**WHAT YOU ARE ASKED TO DO**
Please output the listing below character for character and omit the images.

**INFORMATION SHOWN**
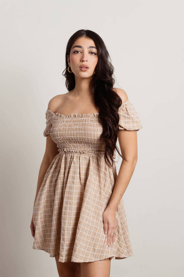 Lyndsey Lace Up Back Babydoll Mini Dress - Beige
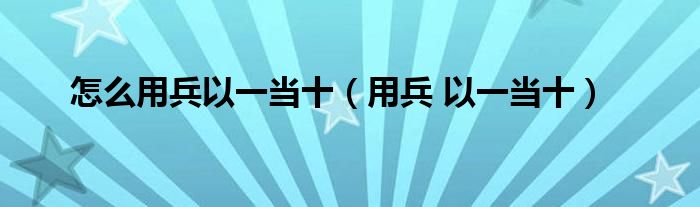 以上就是【怎么用兵以一当十,用兵 以一当十】相关内容。
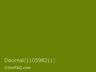 Decimal 110598211 Color is a dark lime color and the nearest color is Bronze Yellow #737000. Hex code #6a8103 and RGB value is rgb(106,129,3). In RGB color space, this color is composed of 42% red, 51% green, 1% blue, In CMYK color space, this color is composed of 18% cyan, 0% magenta, 98% yellow , 49% black , In HSL color space, this color has a hue angle of 71° , 95% saturation and 26% lightness.

**REPLY TO THE TASK**
 Lyndsey Lace Up Back Babydoll Mini Dress - Beige
 以上就是【怎么用兵以一当十,用兵 以一当十】相关内容。
 Decimal 110598211 Color is a dark lime color and the nearest color is Bronze Yellow #737000. Hex code #6a8103 and RGB value is rgb(106,129,3). In RGB color space, this color is composed of 42% red, 51% green, 1% blue, In CMYK color space, this color is composed of 18% cyan, 0% magenta, 98% yellow , 49% black , In HSL color space, this color has a hue angle of 71° , 95% saturation and 26% lightness.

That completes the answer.